[imagesource:wikimediacommons]
Beguiling: adjective, “charming or enchanting, often in a deceptive way”.
Yeah, that sounds about right.
Cape Town is like a siren on the rocks, catching sailors’ attention from afar with stunning mountainscapes, lush beaches, and delicious food smells, only to reveal the ugliness of load shedding, deep systematic racial segregation and inequality, devastating crime, and hardship.
Ag Jaaa, as Africa Melane, local radio personality and vice-chairman of the Cape Town Opera, says in the CNN article calling the Mother City “beguiling”; “I don’t think you’ll find very many ‘rainbow nation’ happy people in South Africa right now”.
That might be true, especially considering the newfound challenges with the cost of living crisis, but that doesn’t mean there isn’t ample opportunity for visitors and fortunate locals to still have a whale of a time in parts of the city.

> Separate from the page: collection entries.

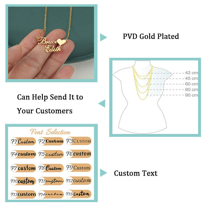 Gioielli Personalizzati per Donne, Collana con Doppio Nome a Forma di Cuore, Placcata in Oro 18K, Acciaio Inossidabile, Regalo di Natale per Fidanzata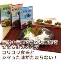 【三陸十三浜で採れた新鮮で安全安心のメカブコリコリ食感とシマった味がたまらない!】宮城県石巻市北上町で、「わかめ」海藻食品を製造加工販売をして30年、三陸十三浜の新鮮で安全安心の旨い海藻食品を全国におとどけしている「タツミ食品」からメカブの甘酢漬け3種の詰め合わせです。石巻市北上町十三浜は親潮と黒潮がぶつかる南三陸沿岸地域のひとつで奥羽山脈を背景に東北最大の河川、北上川河口に位置する漁村です。豊富なミネラルに恵まれ、古くから「わかめ」を中心に、美味しい海藻が獲れる地域です。ここで育まれた「メカブ」を生のまま甘酢に漬けた商品です。和え物、サラダ、カルパッチョに添えて・・・色々とお試しください。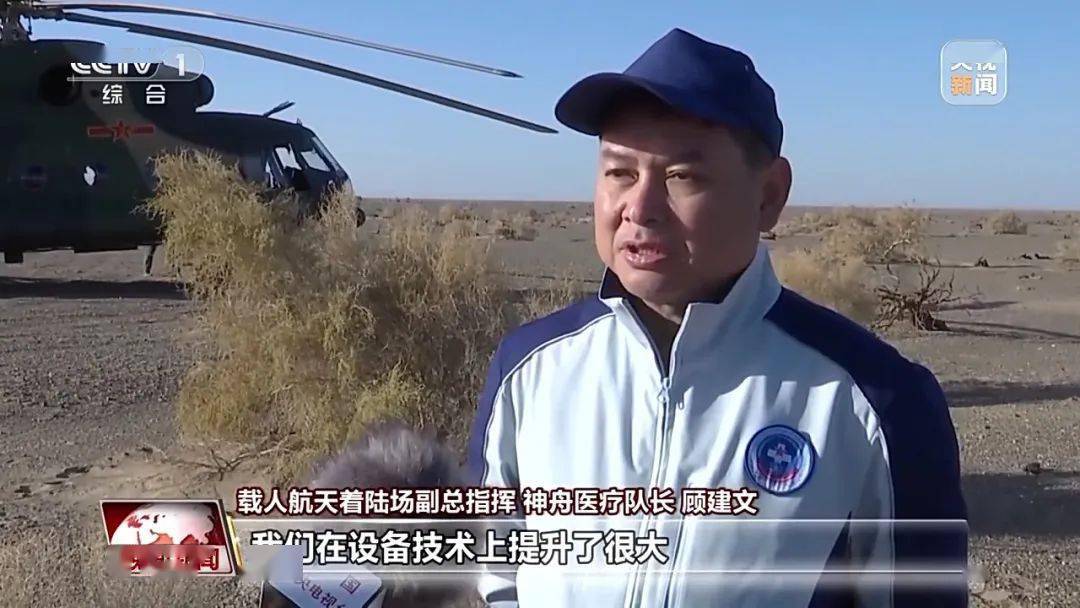 载人航天着陆场副总指挥 神舟医疗队长 顾建文:我们在设备技术上提升了很大,组织了很多相关的、新的一些检查,更新了更年轻的队员,学历高、能力强。能够以很高的积极性来完成这个任务。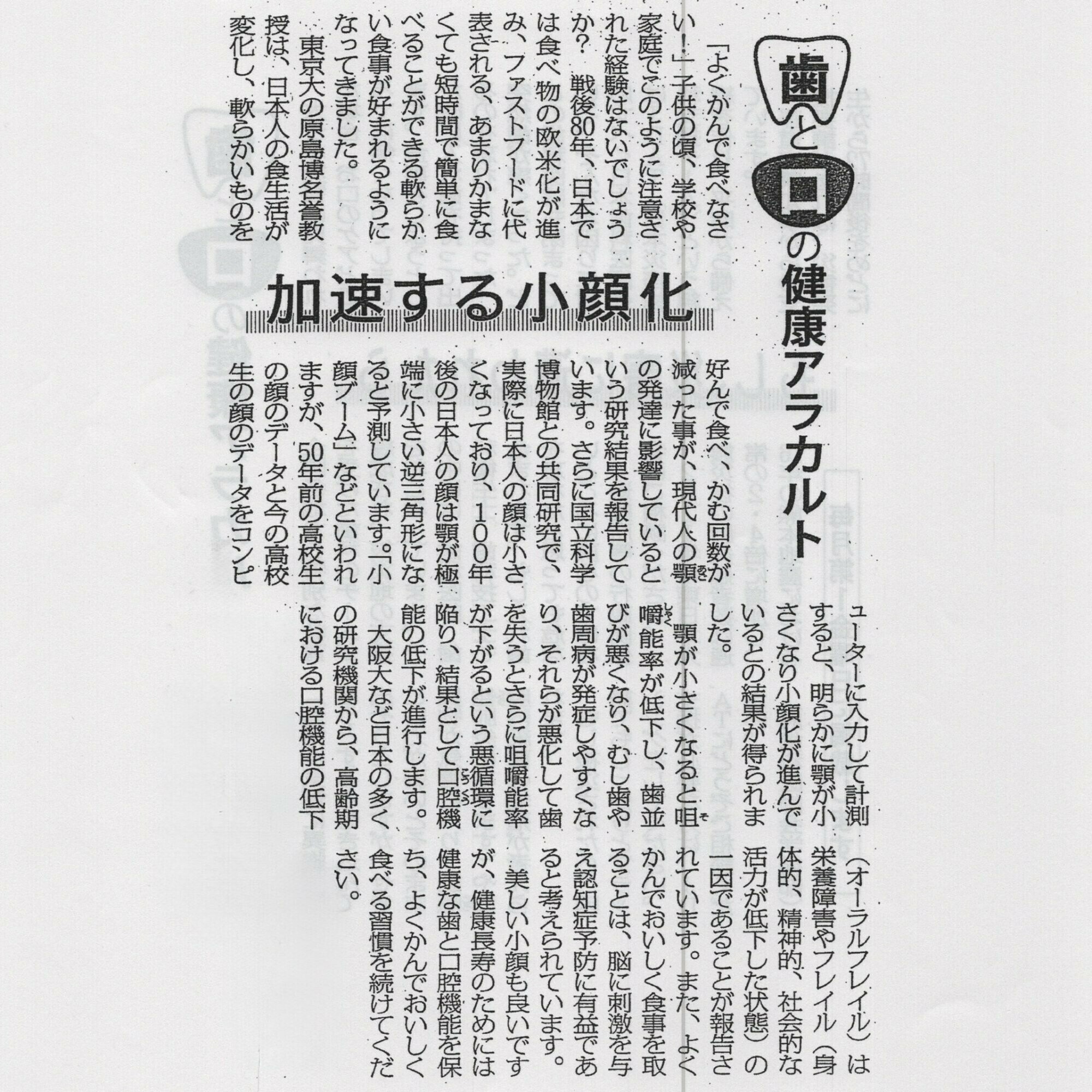 先日、毎日新聞の「歯と口の健康アラカルト」にて 「加速する小顔化」という記事が掲載されていました。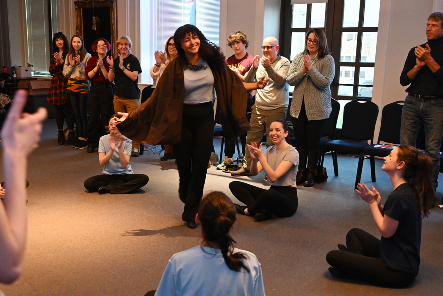Amanda Brady ’25 as Leading Player in the Wig and Candle production of “Pippin.” The play, directed by Guiseppe Piccirilli ’25, was held in early December in Conn’s Ernst Common Room. Established in 1915 to support student-initiated work and provide theatrical opportunities on campus, Wig and Candle is Conn’s oldest theater group. Each production is produced, directed, acted and designed by Conn students.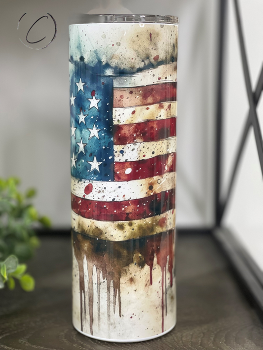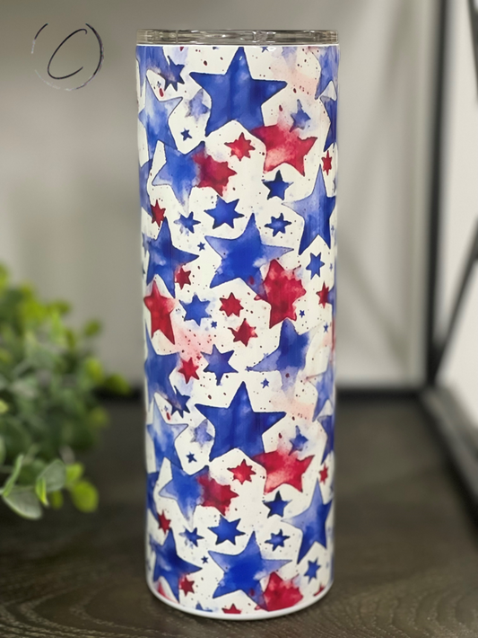 Watercolor Patriotic Stars 20oz Skinny Tumbler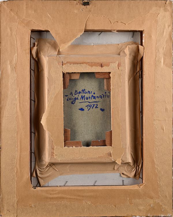 Firma e data in basso a destra "Montanarini '71". Al verso reca dedica di pugno dell'artista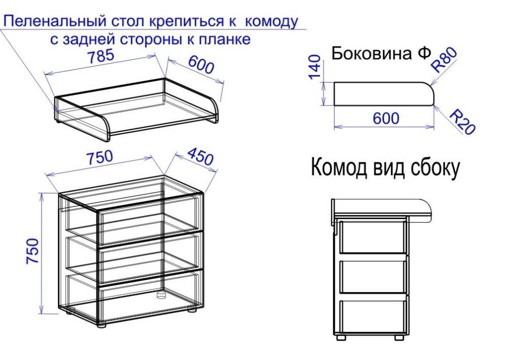Пеленальный столик, чертеж с размерами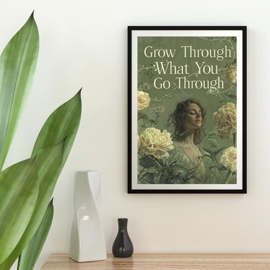 Inspirational Wall Art | Floral Motivational Print | Positive Message Decor | Printable Quote ArtGrow Through What You Go Through Poster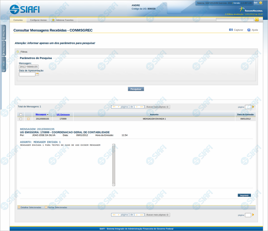 de lotação do Usuário SIAFI responsável pelo envio da mensagem.

Beginning with a quick dive into our long and sordid history, CNN notes Cape Town as “the embodiment of multicultural South Africa”, a result of the slave trade which brought people from Indonesia, Malaysia and Madagascar to its shores:
Locals of all backgrounds are on hand to talk up its incredible food and drink scenes and its access to some of the planet’s finest wild landscapes, without ever flinching from the important work of reminding newcomers just how this place came to be and the challenges it’s facing right now.
Lest we forget the atrocities of Apartheid, the travel writer lets Karen Dudley, the restauranteur who ran The Kitchen in Woodstock before the COVID-19 pandemic closed its doors, exhibit all the local delicacies of the Bo-Kaap – “arguably the apotheosis of modern Cape Town” – while explaining how her own family were once forcibly removed from the De Waterkant side as the area was declared a white’s only suburb.
Then the writer moves to the sea, letting Hanli Prinsloo, a champion free diver, showcase the “meditative calm” in the “world beneath the waves that crash into the city’s beaches”.
Noting how the city “derives so much of its identity from the water”, the writer goes on to explain how Cape Town is facing “serious environmental issues that plague this special habitat”, speaking about plastic pollution primarily.
While that is a real issue, the article misses the more poignant problem plaguing our seas at the moment, the sewerage leaks wreaking havoc at our best beaches.
Of course, there is also a neat segue into the Winelands, where Rose Jordaan, the owner of the Plaisir Wine Estate sees growing here as “a legacy project”.
Music also comes up as a major part of the Mother City’s identity, with the aforementioned Melane expressing how opera holds the country: “The operatic format of expression is centuries old. It’s ultimately telling a story. You’re just doing it in the most complicated, complex and wonderfully rewarding ways.”
“Cape Town aspires to be a city in line with the greats”, finishes Melane, comparing us to London and New York but differentiating how Cape Town is and always will be very much “rooted in African spirit, value and treatment”.
It just so happens to be quite beguiling.